October 2008 Vol. 63 No. 10

Washington Watch

Gas Infrastructure Commission Legislation Prompts Worries

Stephen Barlas, Washington Editor

With Congress almost certain to pass a bill revising or eliminating its longstanding ban on offshore oil and gas drilling, interstate natural gas pipelines are trying to insure that any bill does not include an amendment setting up a national commission which would examine the adequacy of current federal policies governing the siting of natural gas infrastructure.

Such an amendment is lurking in the background, being promoted by Reps. Tim Bishop (D NY) and Elijah E. Cummings (D MD) who call their bill (H.R. 6720) the Natural Gas Strategy Act.

“Placement of natural gas infrastructure should not be run like a deli counter, where it’s first come, first served,'” says Bishop, vice chair of the House Coast Guard and Maritime Transportation Subcommittee, part of the Transportation and Infrastructure Committee.

Cummings chairs that subcommittee, although the bill was referred to the Energy & Commerce Committee, which neither man sits on. That could complicate the bill’s movement forward. Rep. Rick Boucher (D VA), is chairman of the energy and air quality subcommittee in the Energy & Commerce Committee. He will be the major decision maker on the Natural Gas Strategy Act, if he keeps that position in 2009.

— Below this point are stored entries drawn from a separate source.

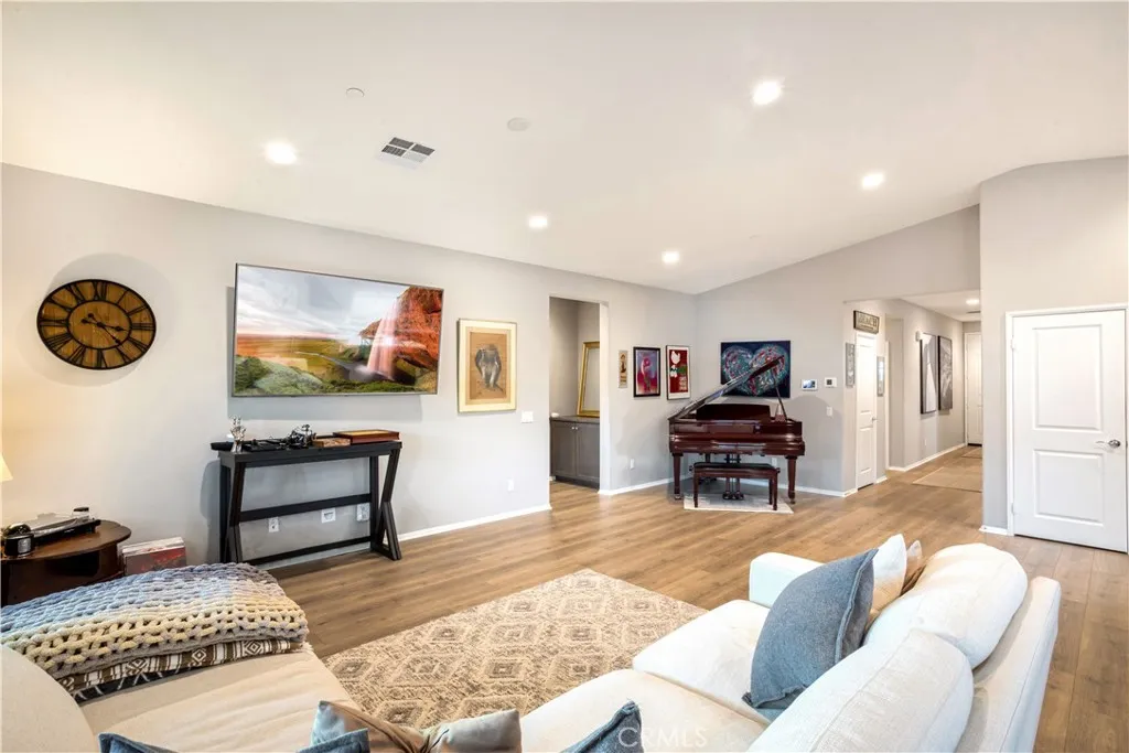 Turnkey and truly move-in ready! This impeccably maintained single-level home in the highly sought-after Audie Murphy Ranch community offers 3 bedrooms plus a versatile office/den with the option to convert into a 4th bedroom and 3 full bathrooms. Enjoy wide hallways, an open-concept layout, upgraded flooring, new paint, custom window shades, recessed lighting in every room, an abundance of natural light throughout. Keep cool and costs low in the summer with the energy efficient whole house fan, solar, smart thermostat and compatible devices. The kitchen opens seamlessly to the living and dining areas, creating the perfect space for gathering and entertaining. Step outside to a landscaped front and backyard complete with a covered patio with lighting and fans, gas fire ring, and additional seating areas, ideal for refined outdoor dining and year-round gatherings. Audie Murphy community living and recreation with pools, bbq, games, fire rings, parks, sports fields, scenic walking trails, award winning Menifee schools, and more. All in a prime location with unbeatable access to both the 215 and 15 freeways. Convenience and comfort are right at your doorstep!
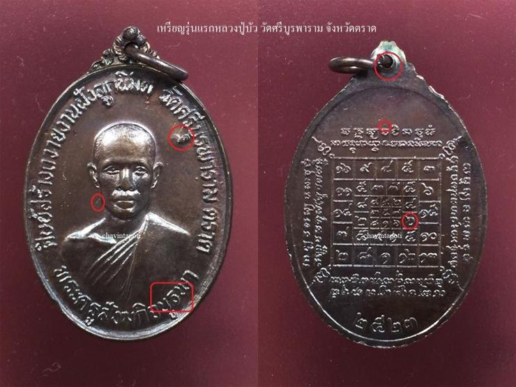 หลวงปู่บัว ถามโก วัดศรีบูรพาราม จ.ตราด วันนี้ชมพระเครื่องสายภาคตะวันออกที่ครบเครื่องทั้งด้านแคล้วคลาด เมตตามหานิยม มีประสบการณ์เป็นที่กล่าวขวัญของนักสะสม ชมเหรียญรุ่นแรกหลวงปู่บัววัดศรีบูรพาราม จ.ตราด บล็อกแก้มขีด หรือหูขีด จุดสังเกตของบล็อกนี้จะมีเส้นเนื้อเกินขีดทแยงข้างแก้มใต้หูด้านขวาองค์พระ และอีกจุดคำว่า กิจบูรพา จะมีเส้นเกินลากจากด้านบนของ (จ) ทแยงลงผ่านใต้ (บ) และ (ร)ไปชนที่ด้านล่าง (พ)
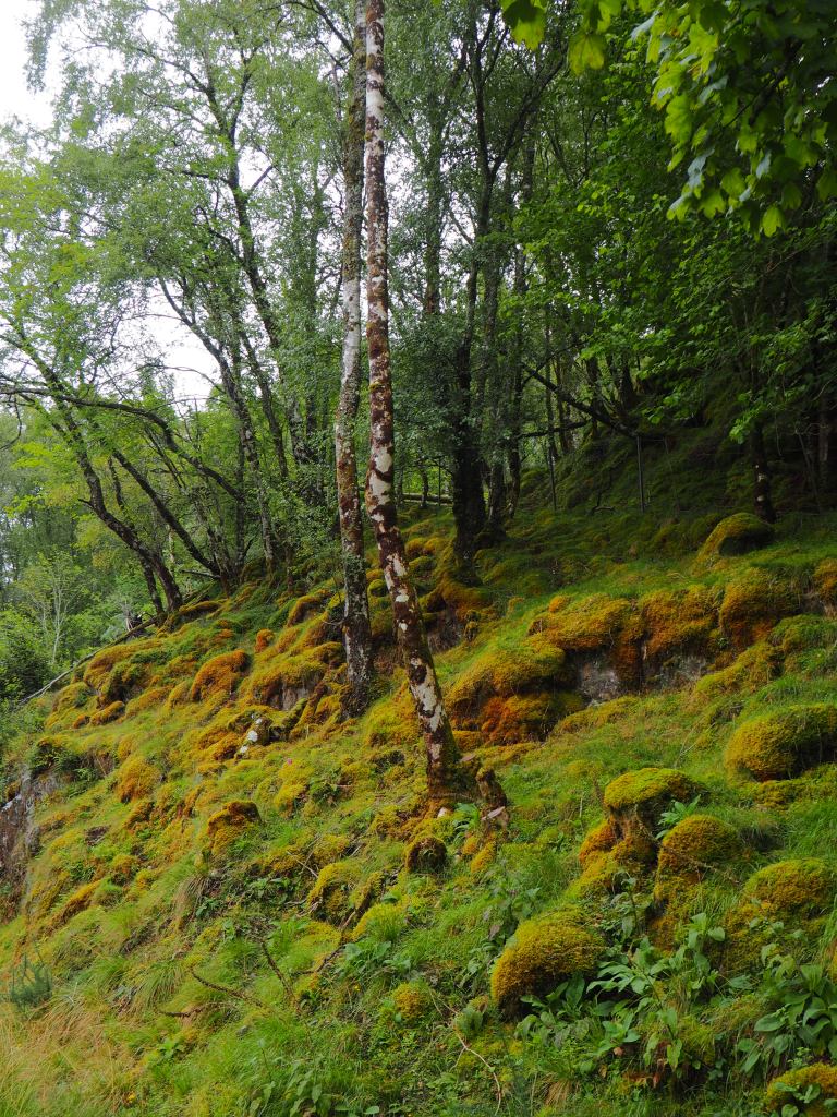 After watching boats pass through the Loch Oich swing bridge, we set south along the trail which is flat. Up the hillside, grow monstrously large rhododendron plants, lush fields of ferns and waterfalls of all sizes tumble down from above seemingly every fifty feet. Moss covered rocks line the hillsides and run down to the shores of the lake. It’s an easy walk and as long as you want to make it. There’s a parking lot right by the swing bridge that’s a good starting point.
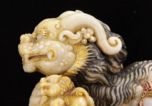 A1474 Vintage Chinese Shoushan Stone Carved Fortune Lion Statue
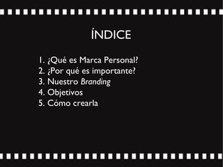 Este documento explica la importancia de la marca personal y cómo crearla. Define la marca personal como la huella que deja una persona en los demás. Explica que en un mercado laboral competitivo, una marca personal nos hace sobresalir. Detalla los pasos para crear una marca personal: definir quién eres a través de un ejercicio de autconocimiento, establecer un objetivo SMART, y darte a conocer a través de relaciones personales directas, presentaciones y redes sociales. El objetivo final es ser recordado y elegido por los dem
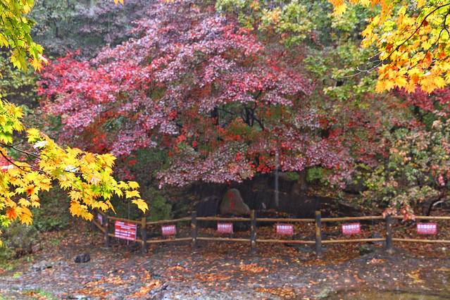 沿着山路向上,山峰奇峭、怪石林立,宛若天造地设的巨型盆景,大面积的枫树遮掩山体,涂满奇峰,浪漫而热情。
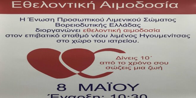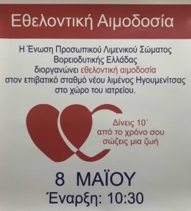 ΕΘΕΛΟΝΤΙΚΗ ΑΙΜΟΔΟΣΙΑ ΤΗΣ ΕΠΛΣ/ΒΔΕ την 08/05/2018 και ώρα 10:30 π.μ. στον Επιβατικό Σταθμό Τ1 του Λιμένα Εξωτερικού Ηγουμενίτσας.
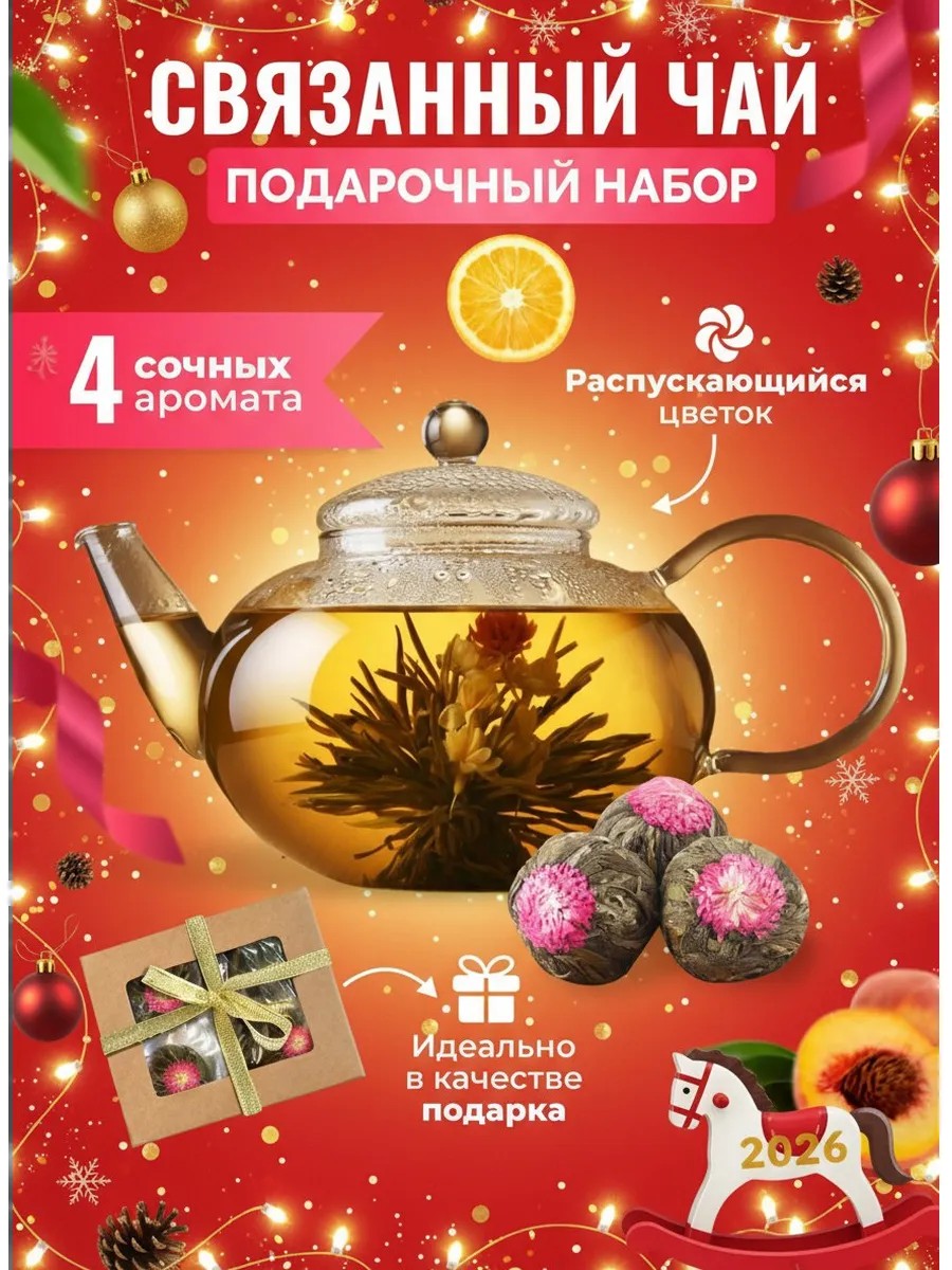 | Комплектация | чай связанный 4шт шарика; подарочная коробка; лента |
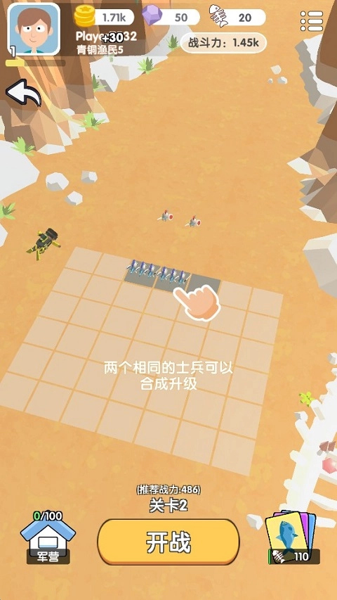 两名同级士兵能够合成为更高级别的兵种,进而提升战力上限。要记得优先对主力兵种进行升级。

While passage of the Bishop/Cummings bill in 2008 is probably a long shot, its odds of passage would increase in 2009. INGAA opposes the bill. “Unfortunately, H.R. 6720 attempts to fix a process that isn’t broken,” says INGAA President Donald F. Santa, Jr. “The direction signaled by this legislation would be to turn the clock back decades to an era of excessive government regulation and energy shortages. Such a policy will not result in natural gas infrastructure getting built on a timely basis; rather, it will lead to delay, litigation, supply constraints and higher natural gas prices.”

Congress has shown interest in increasing natural gas supplies, both because of its role as a substitute feedstock to petroleum for factories and utilities and from an energy independence perspective – and because of its more favorable greenhouse gas profile. The House Select Committee on Energy Independence and Global Warming held a hearing the day the bill was introduced on July 31. The two events were apparently unconnected. But testimony that day highlighted potential increased demand for natural gas, from autos, for example. A Honda official was there flogging its Civic GX, the only car sold in the U.S. which uses compressed natural gas. Sales are between 500 1000 vehicles a year. Aubrey McClendon, chairman and CEO of Chesapeake Energy Corporation, the largest independent producer of natural gas in the U.S., was also at the hearing pleading for federal tax incentives to consumers who purchase CNG fueled vehicles.